START Data records
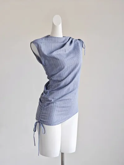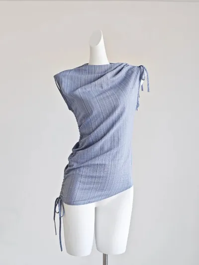 French Blue Striped Drawstring Strap Shirt for Women Summer Outfit Sweet GirlI Irregular Slim Fit Sleeveless Blouses Women Tops
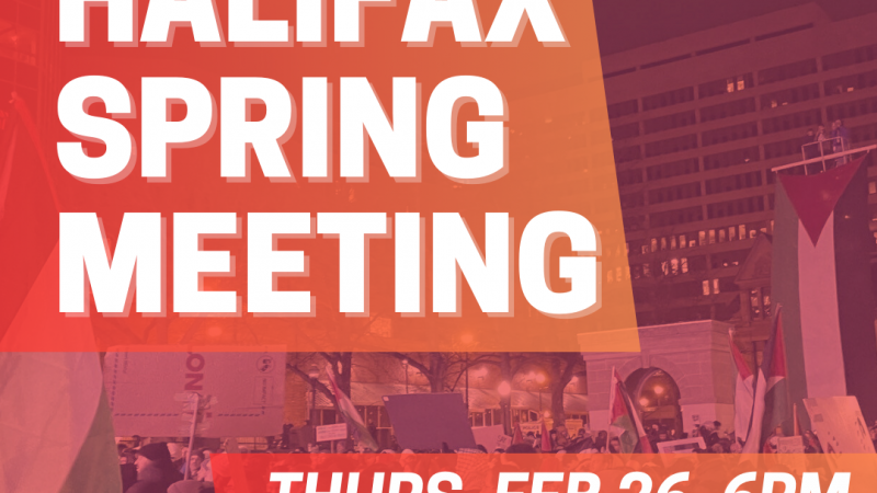 Join the Spring Socialist Network’s Kjipuktuk/Halifax branch organizing meeting on Thursday, February 26th at 6pm, happening at Bus Stop Theatre Co-op (2203 Gottingen St)! The meeting will take place in the Community Room (access via the entrance on Maitland St).
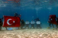 Atatürk’ün 19 Mayıs 1919’da Kurtuluş Mücadelesi’ni başlatmak üzere Samsun’a ilk adımı attığı yer olan Tütün İskelesi’nde karaya çıkışını temsil eden Türk bayrağı, asker tarafından karaya çıkarıldı.
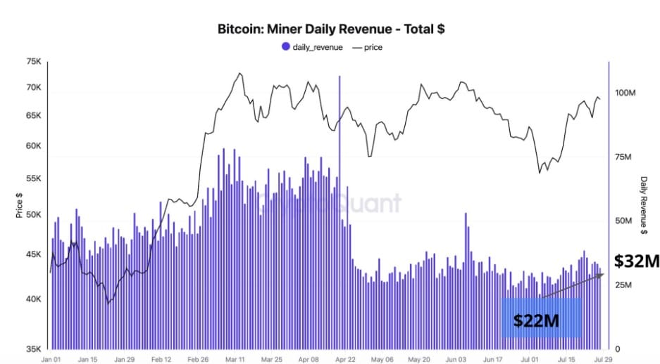 ในเดือนกรกฎาคม เงินไหลออกของนักขุดรายวันอยู่ระหว่าง 5,000 ถึง 10,000 ดอลลาร์ เมื่อเทียบกับ 10,000 ถึง 20,000 ดอลลาร์ เมื่อ BTC แตะระดับ 70,000 ดอลลาร์เป็นครั้งแรก ซึ่งนักขุดมีการขายออกก่อนที่จะถึง Bitcoin halving ที่จะทำให้รายได้ลดลง 50%
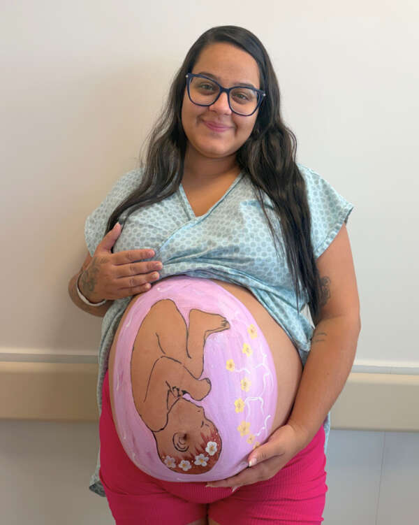 Mães tiveram suas barrigas pintadas com a representação de seus bebês
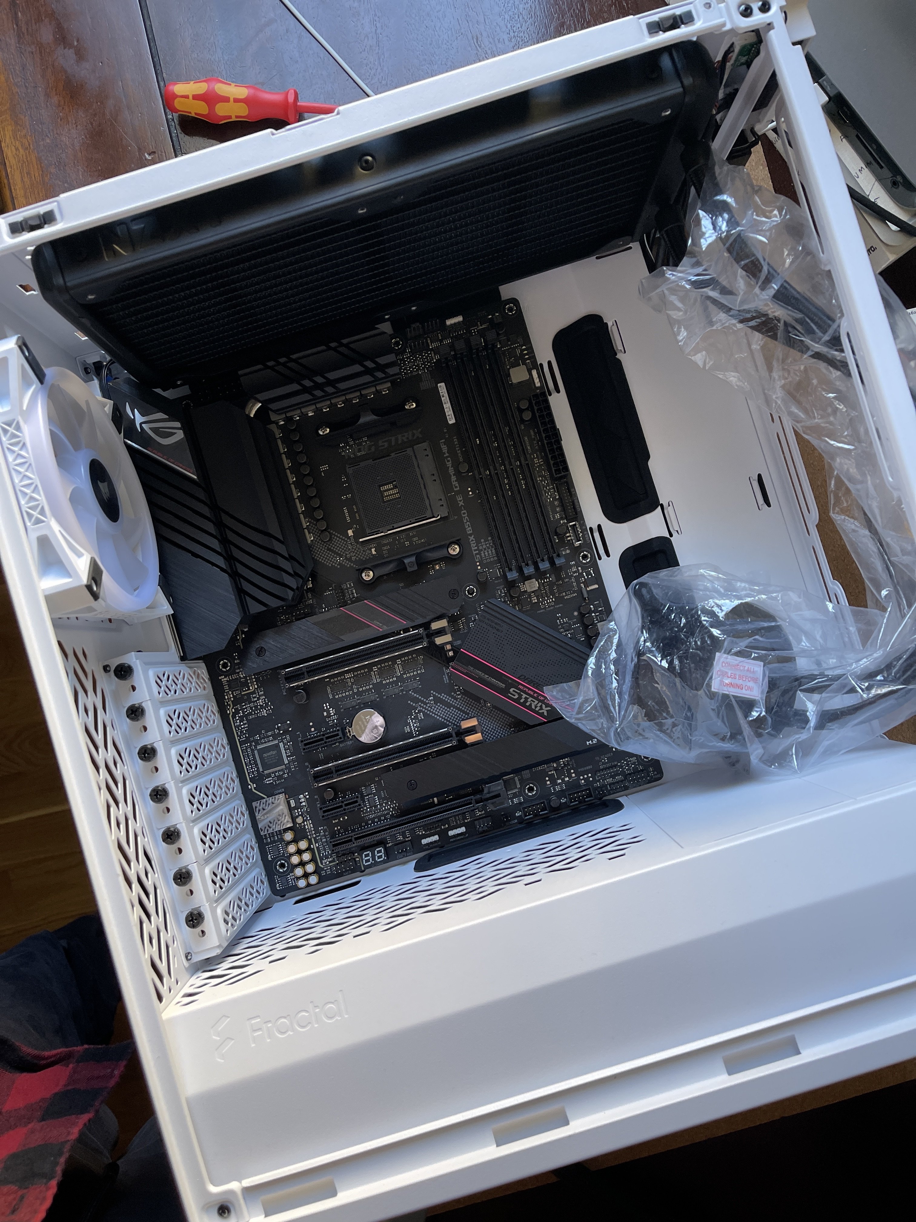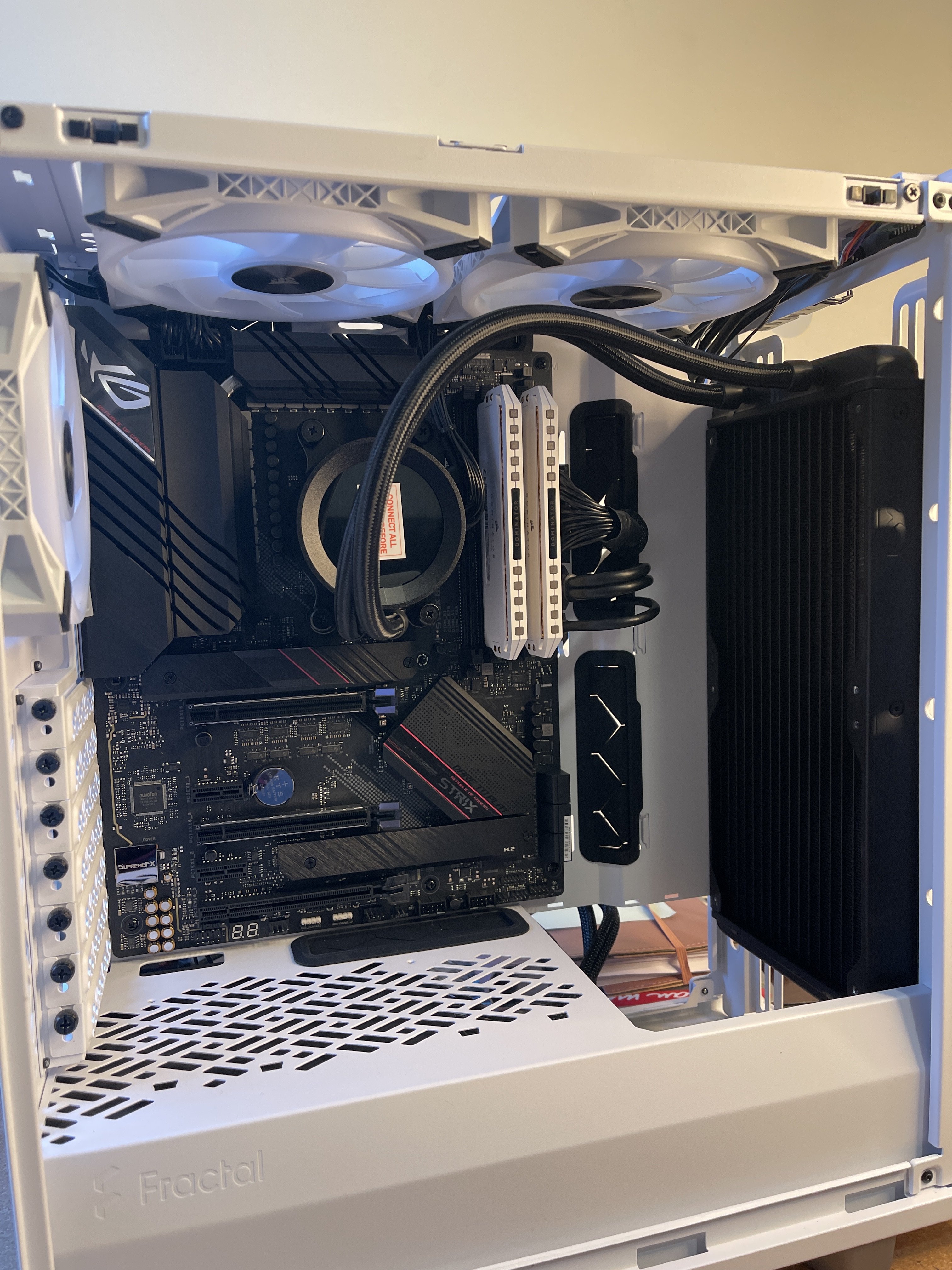 Hallo Freunde. Ich bin gerade dabei mit meinem Sohn ein Gaming PC aufzubauen. Leider habe ich ein Problem mit dem Platz in meinem Define 7 Compact mit Kraken Z63 und Asus RTX3090 Strix. Einzige Möglichkeit wäre die Lüfter so anzubringen um den Prozessor zu kühlen. Denkt ihr dass das möglich ist auch wenn die Frontklappe vorne montiert ist. Seitlich gibt es ja Lüftungsschlitze. Danke für eure Hilfe. Stefan
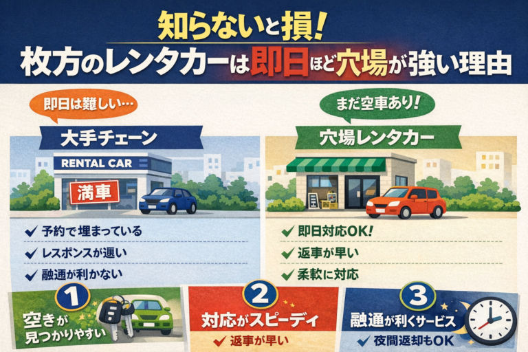枚方には、全国チェーンのように目立たないけれど、即日対応のスピード・柔軟性・空きの見つかりやすさの3つが段違いで強い“穴場レンタカー”が存在します。
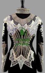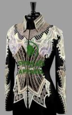 Be the first to review “Showmanship Jacket with Black base stretchable fabric. Unique Jewel pieces, with Front hidden zipper S-Jac-31”
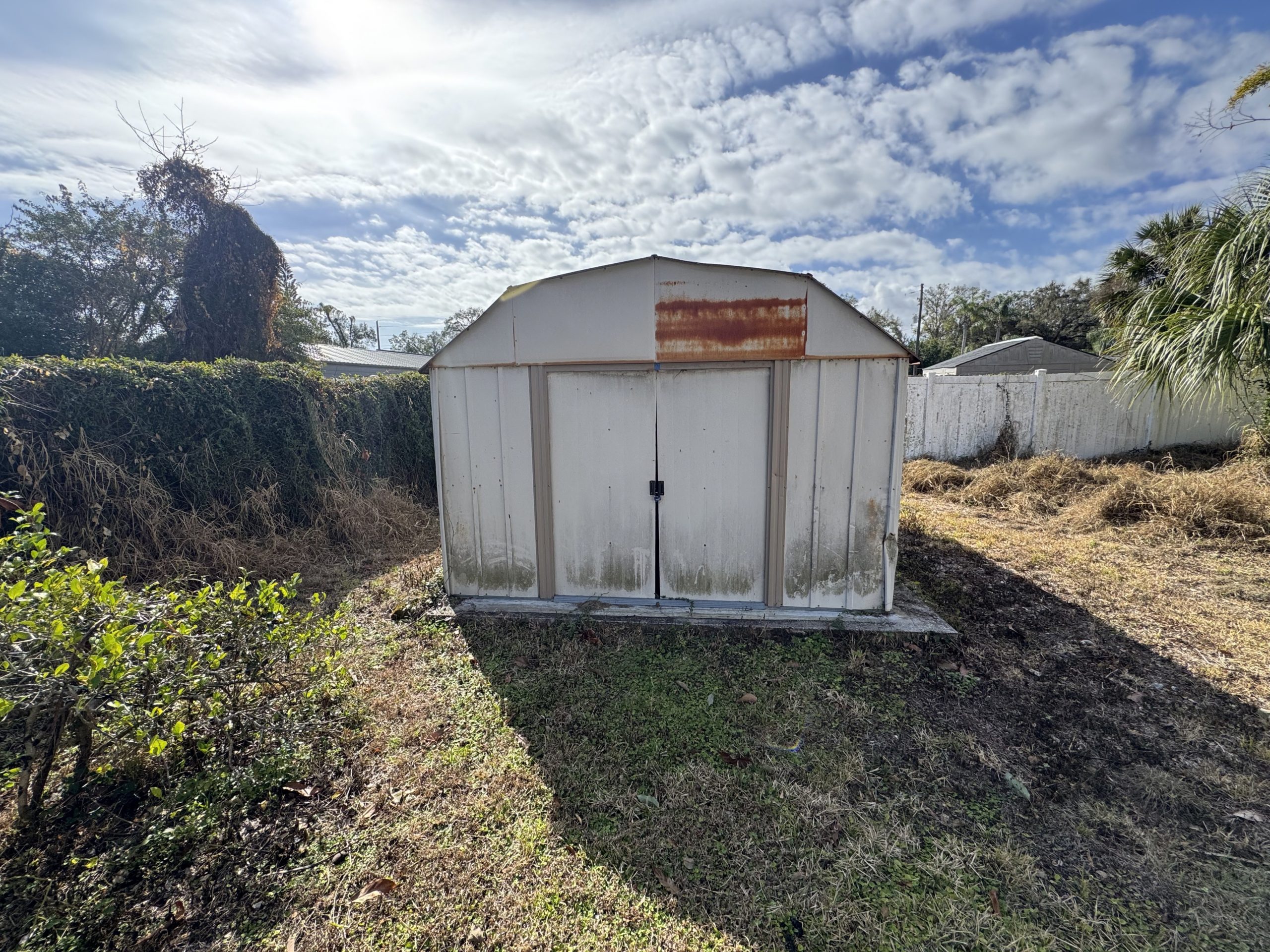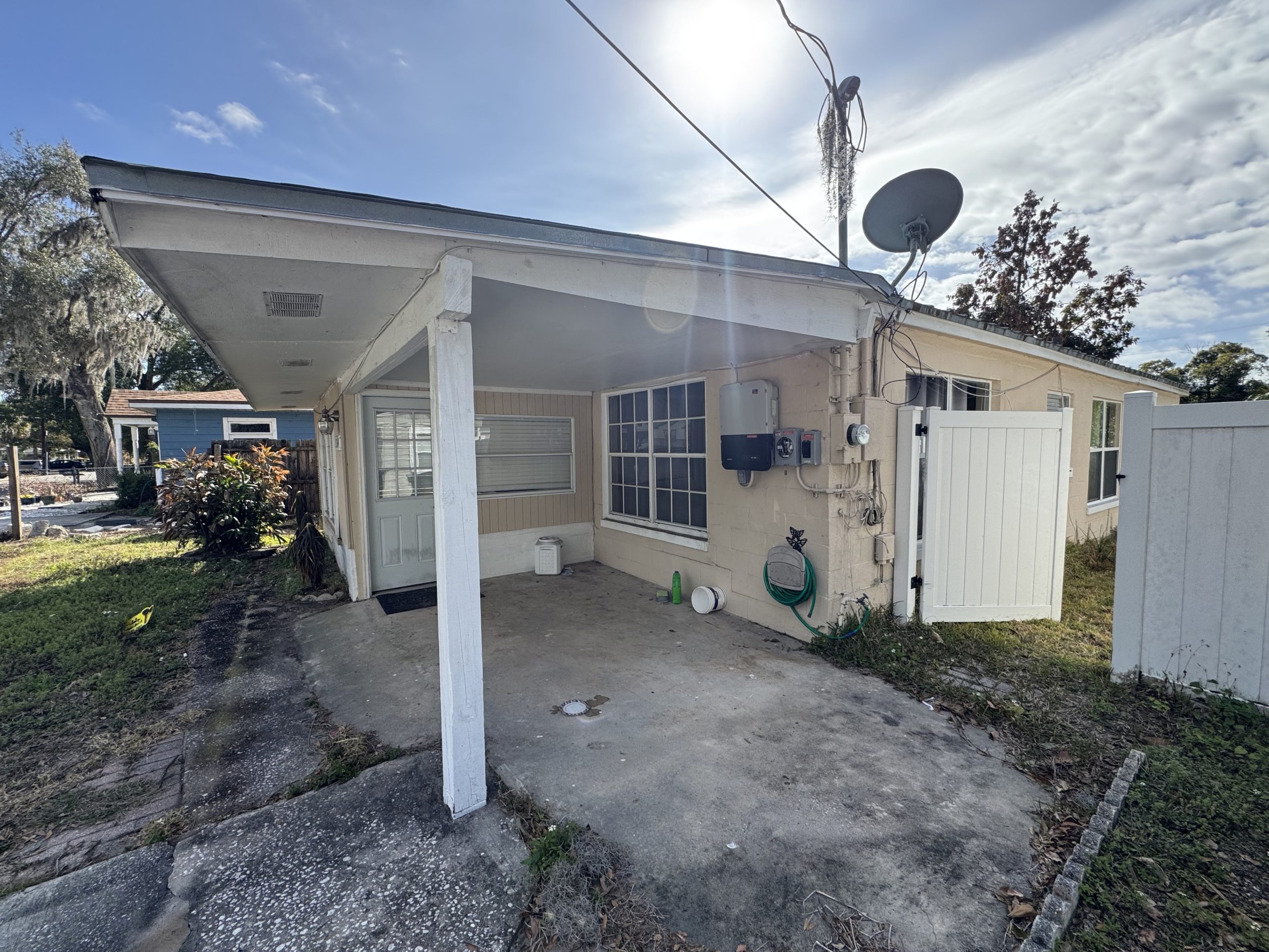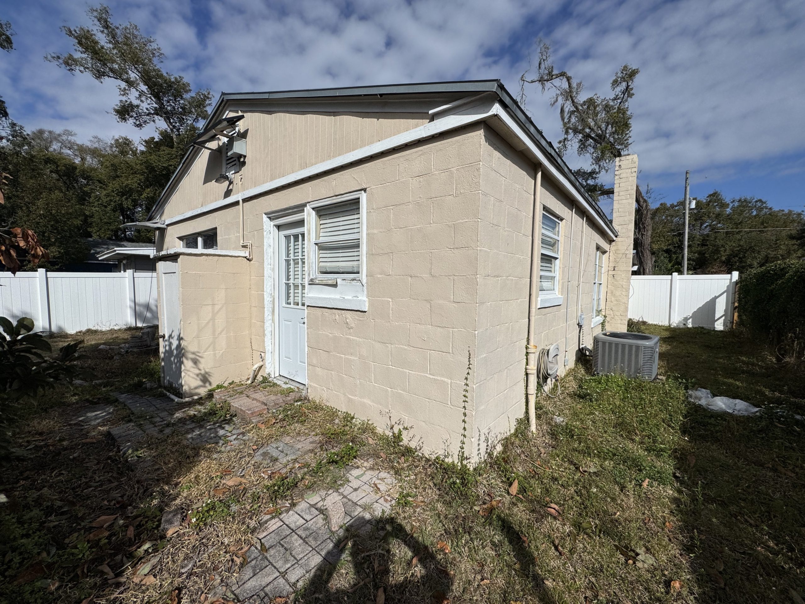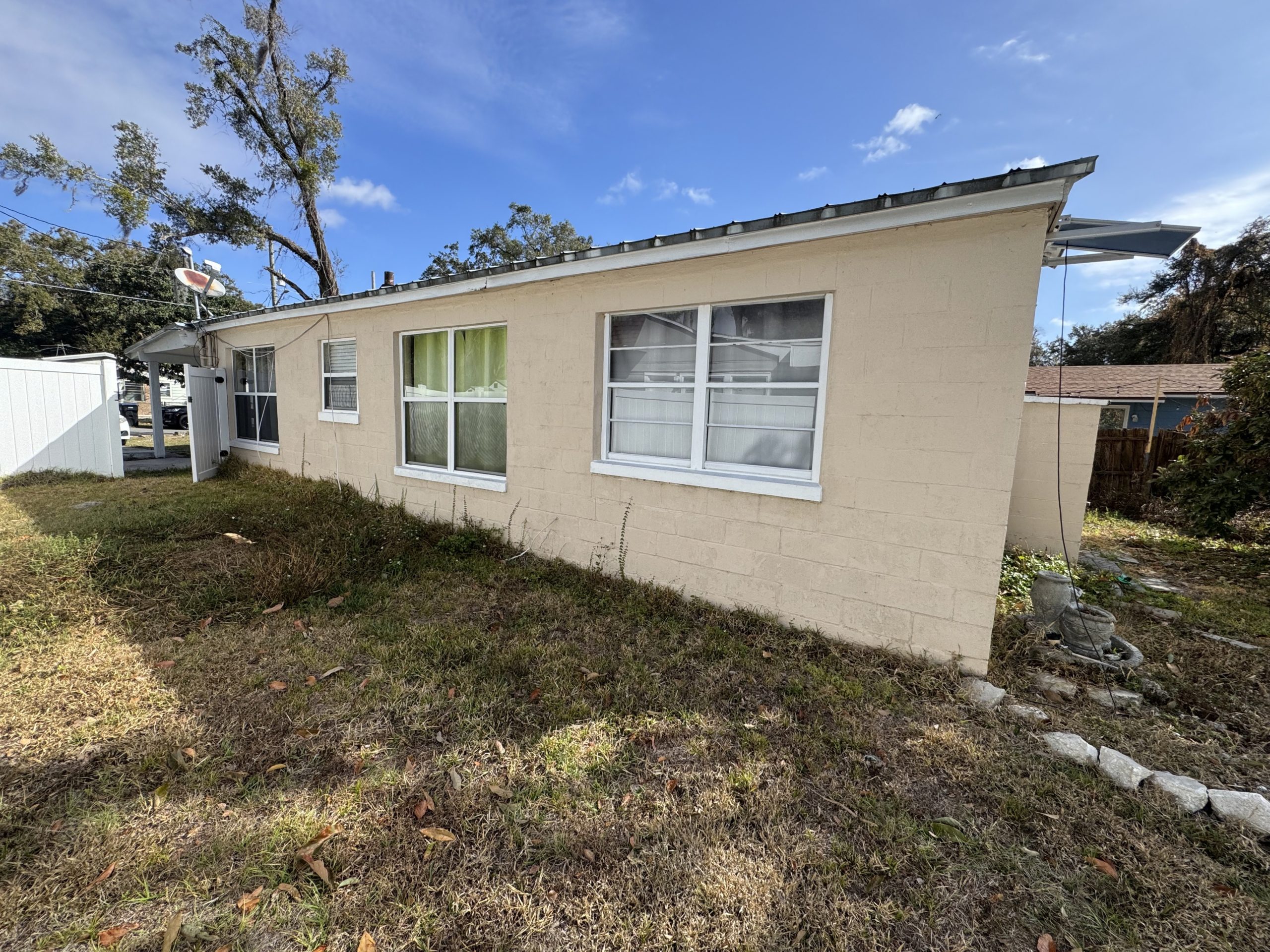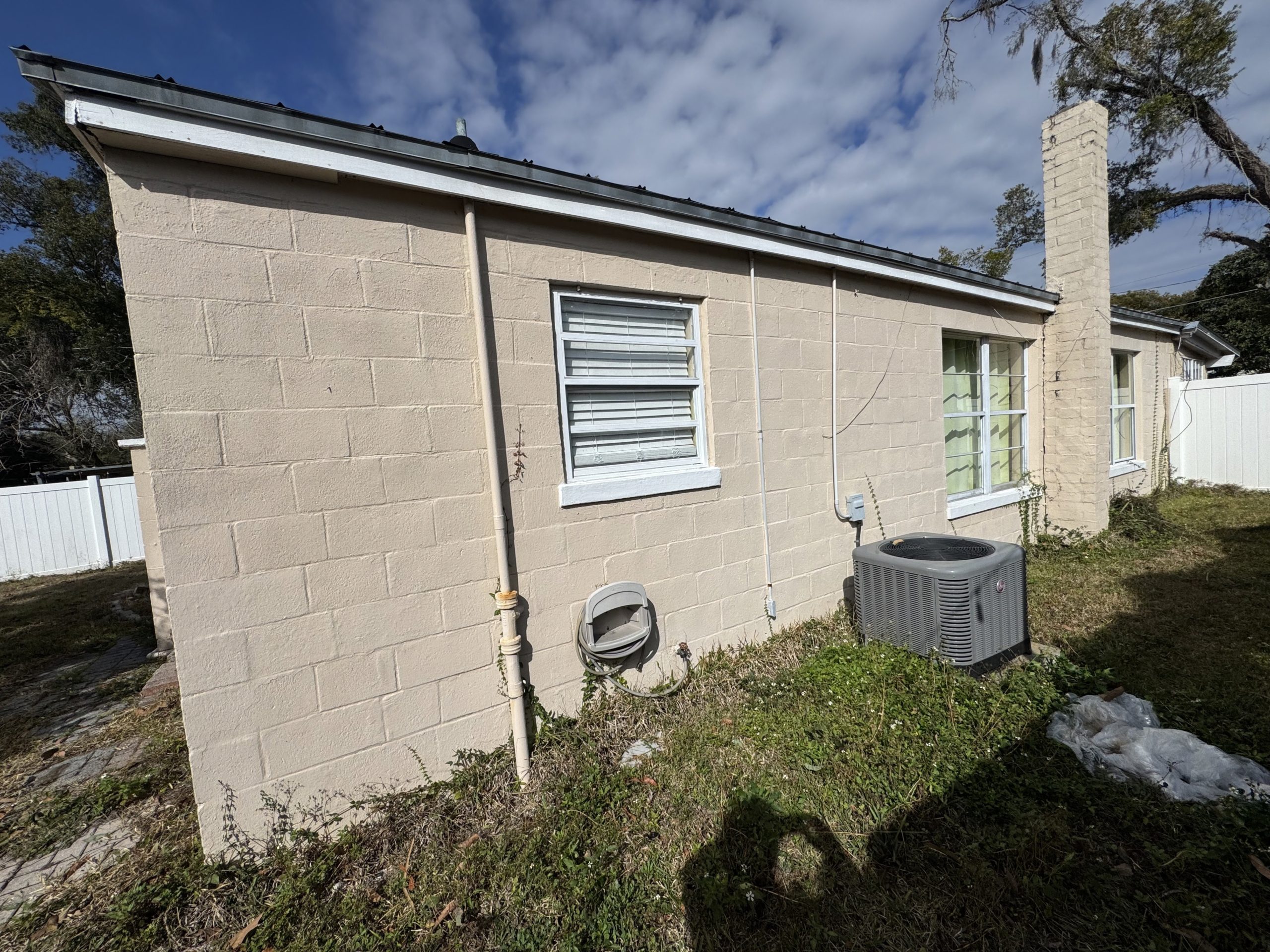 The home is concrete block construction with a metal roof (no known issues) and an HVAC system approximately 5 years old per seller. The property will require a full interior rehab to reach top market value. Overall structure appears serviceable, supporting a moderate renovation strategy.
END Data records
Where pictures appear, omit them, and transcribe exactly, with nothing else, the lines from the line with "Be the first" through the final line of the records above, both ends included.

[Response]:
 Be the first to review “Showmanship Jacket with Black base stretchable fabric. Unique Jewel pieces, with Front hidden zipper S-Jac-31”
 The home is concrete block construction with a metal roof (no known issues) and an HVAC system approximately 5 years old per seller. The property will require a full interior rehab to reach top market value. Overall structure appears serviceable, supporting a moderate renovation strategy.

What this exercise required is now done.